Parmi les films vus, le seul prenant réellement pied en ville est le premier San Mao (1958), qui adapte une BD populaire dont c’est l’incontournable principe (les aventures d’un orphelin des rues) ; dans le deuxième San Mao (1984), qui retrace la genèse du personnage, la ville sera redevenue ce territoire tout juste découvert, peu lisible, voire assez phobique. Même chose dans Les Petites carpes (1958), qui évoque pourtant la propagande typique des documentaires du bloc soviétique : nous voilà émerveillés par les constructions humaines (un barrage, un train, une ville qui brille dans la nuit), au point que les enfants poisson, ayant passé le barrage, décident gaiment de ne jamais retourner en arrière (abandonnant, détail parlant, leur grand-mère derrière eux). Mais bien que figurées et célébrées, les glorieuses constructions restent approchées dans l’ignorance et l’incompréhension, la curiosité, édifices aliens d’une espèce autre : la ville, semble-t-il, ne peut être filmée que “de loin”, du point de vue d’une ruralité peu dissociable du passé.
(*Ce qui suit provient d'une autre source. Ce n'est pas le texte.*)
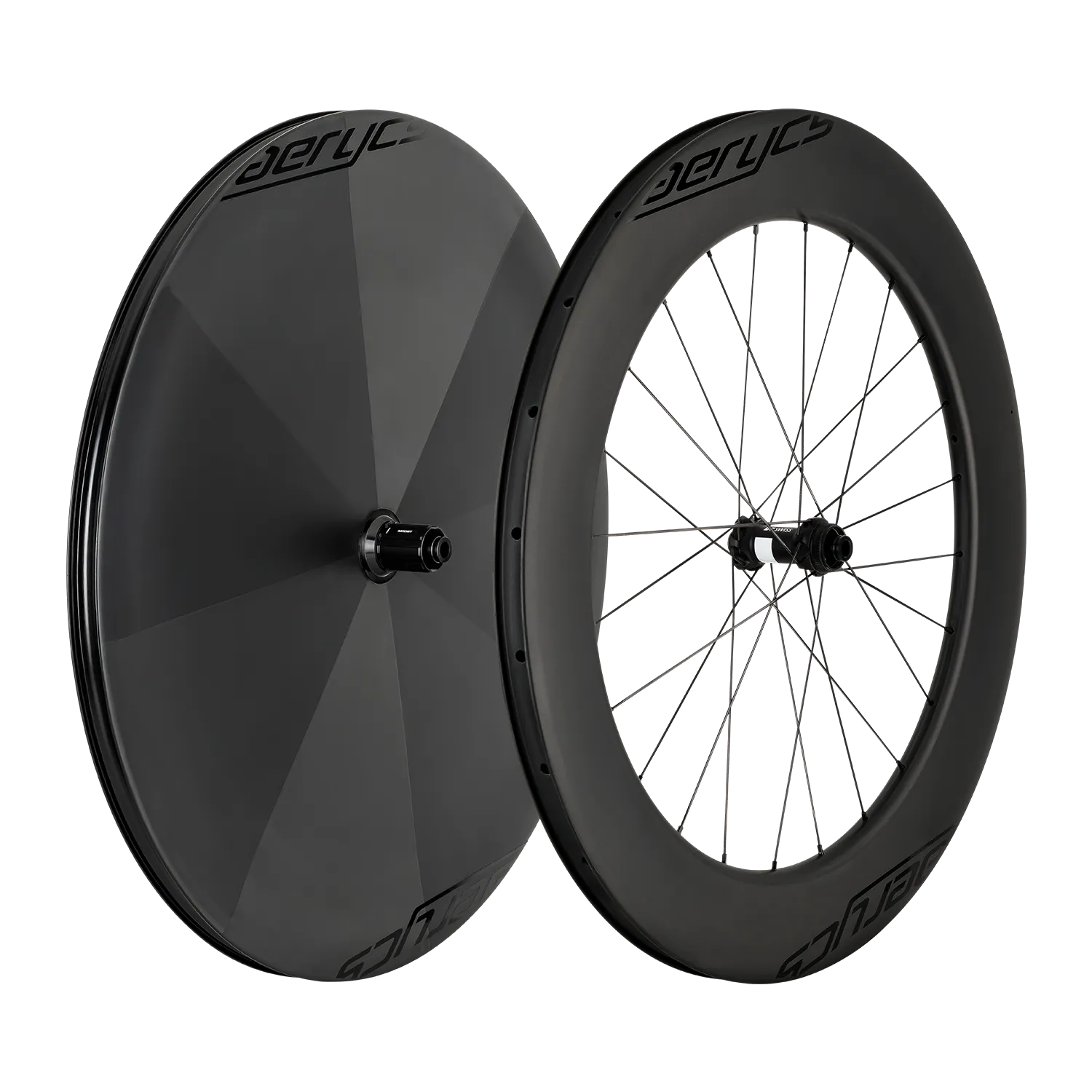 Die Frizzbee überzeugt im Vergleich zu den besten Konkurrenten und lieferte im Aerotesting hervorragende CdA-Werte. Das Innere des Scheibenrads ist mit Rohacell PMI aufgeschäumt. Die äußere Schicht besteht aus UD-Carbongewebe, bei dem die Carbonplatten nebeneinander gelegt werden anstatt sich zu überlappen. Dadurch sinkt das Gesamtgewicht des Laufrads und die Zugfestigkeit und Torsionssteifigkeit steigen. Trotz der tubeless-ready Fähigkeit, die deutlich mehr Material beim Aufbau benötigt, kann sich das Gewicht unserer Frizzbee Scheibe sehen lassen. Die Frizzbee Disc bauen wir mit der bewährten DT Swiss 350 Road Disc straightpull Nabe auf: eine preiswerte Hochleistungsnabe bei der Zuverlässigkeit auf Einfachheit trifft. Die Felgenbrems-Version ist mit der aerycs A1 straightpull Nabe ausgestattet. Eine aus Aluminium gefertigte Nabe, die dank Langlebigkeit und einfacher Wartung überzeugt.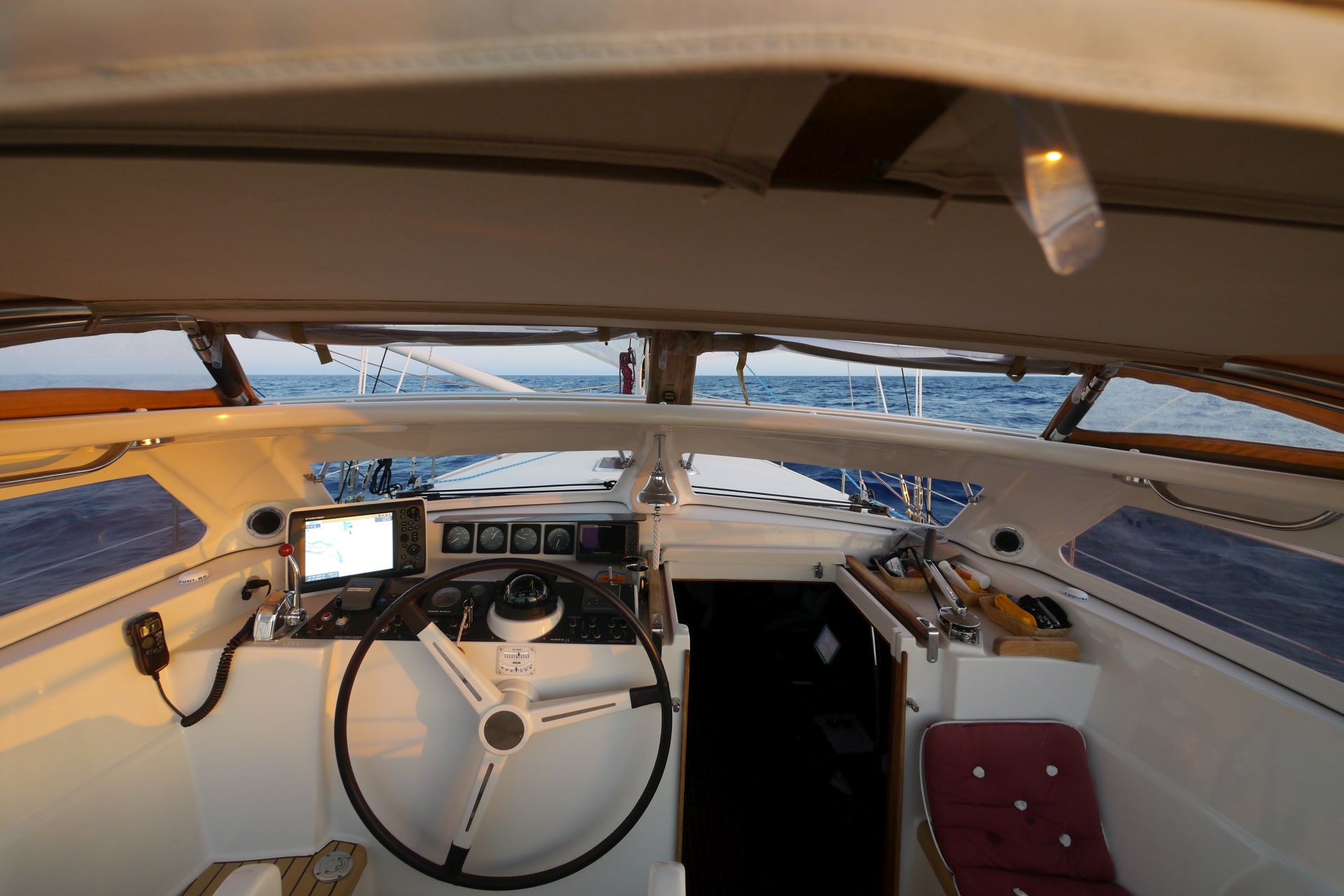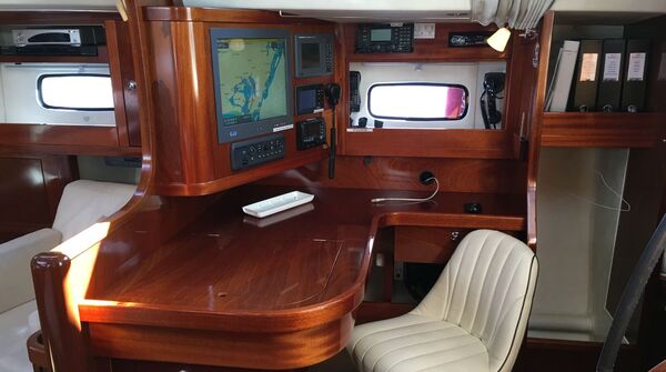 - Kartentisch in Fahrtrichtung eingebaut an Steuerbord achtern

Le fantasme d’isolement qui traverse l’animation chinoise, fuyant l’agitation et la société des hommes, cadre encore moins avec la gloire attendue d’un pays lancé vers la modernité… Au point qu’on se demande si l’exploration du patrimoine ne fut pas aussi pour les artistes un prétexte : arts et récits vécus comme un refuge, dans ce même repli du monde qui caractérise tant de leurs personnages. C’est une fuite illusoire : la réalité contemporaine trouva son chemin, et investit les films autrement, plus sournoisement.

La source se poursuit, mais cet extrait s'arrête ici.